If the use of “quote stuffing” were to spread, it might threaten the very integrity of the stock market as a working system by overwhelming the physical infrastructure on which the stock exchanges rely with hundreds of thousands of useless quotes consuming bandwidth. “This is an extremely disturbing development,” the observer quoted above adds, “because as more HFT systems start doing this, it is only a matter of time before quote-stuffing shuts down the entire market from congestion.”5

2.6 Swapping loyalty cards to interfere with analysis of shopping patterns

Grocery stores have long been in the technological vanguard when it comes to working with data. Relatively innocuous early loyalty-card programs were used to draw repeat customers, extracting extra profit margins from people who didn’t use the card and aiding primitive data projects such as organizing direct mailings by ZIP code. The vast majority of grocers and chains outsourced the business of analyzing data to ACNielsen, Catalina Marketing, and a few other companies.6 Although these practices were initially perceived as isolated and inoffensive, a few incidents altered the perception of purpose from innocuous and helpful to somewhat sinister.

In 1999, a slip-and-fall accident in a Los Angeles supermarket led to a lawsuit, and attorneys for the supermarket chain threatened to disclose the victim’s history of alcohol purchases to the court.7 A string of similar cases over the years fed a growing suspicion in the popular imagination that so-called loyalty cards were serving ends beyond the allotment of discounts. Soon after their widespread introduction, card-swapping networks developed. People shared cards in order to obfuscate data about their purchasing patterns—initially in ad hoc physical meetings, then, with the help of mailing lists and online social networks, increasingly in large populations and over wide (p.29) geographical regions. Rob’s Giant Bonus Card Swap Meet, for instance, started from the idea that a system for sharing bar codes could enable customers of the DC-area supermarket chain Giant to print out the bar codes of other customers and then paste them onto their cards.8 Similarly, the Ultimate Shopper project fabricated and distributed stickers imprinted with the bar code from a Safeway loyalty card, thereby creating “an army of clones” whose shopping data would be accrued.9 Cardexchange.org, devoted to exchanging loyalty cards by mail, presents itself as a direct analogue to physical meet-ups held for the same purpose. The swapping of loyalty cards constitutes obfuscation as a group activity: the greater the number of people who are willing to share their cards, and the farther the cards travel, the less reliable the data become.
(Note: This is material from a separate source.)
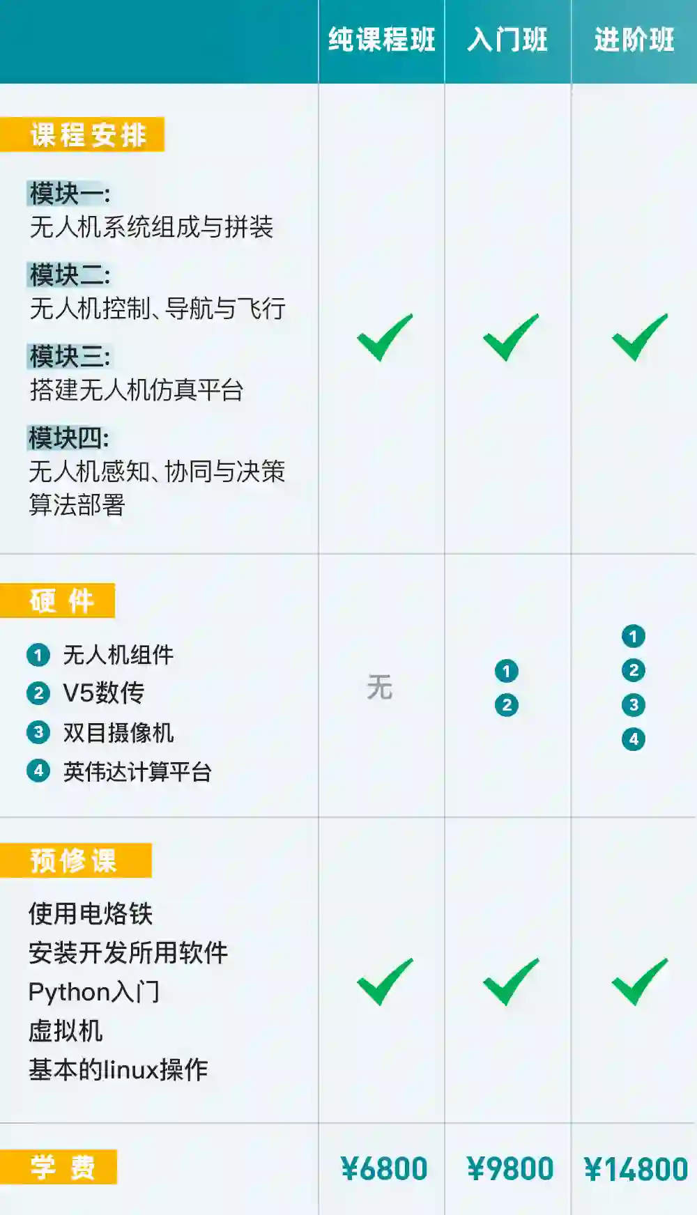 但是学员自行购买的无人机等设备与以上型号不符,我们则不提供硬件方面的答疑。

Card-swapping websites also host discussions and post news articles and essays about differing approaches to loyalty-card obfuscation and some of the ethical issues they raise. Negative effects on grocery stores are of concern, as card swapping degrades the data available to them and perhaps to other recipients. It is worth noting that such effects are contingent both on the card programs and on the approaches to card swapping. For example, sharing of a loyalty card within a household or among friends, though it may deprive a store of individual-level data, may still provide some useful information about shopping episodes or about product preferences within geographic areas. The value of data at the scale of a postal code, a neighborhood, or a district is far from insignificant. And there may be larger patterns to be inferred from the genuine information present in mixed and mingled data.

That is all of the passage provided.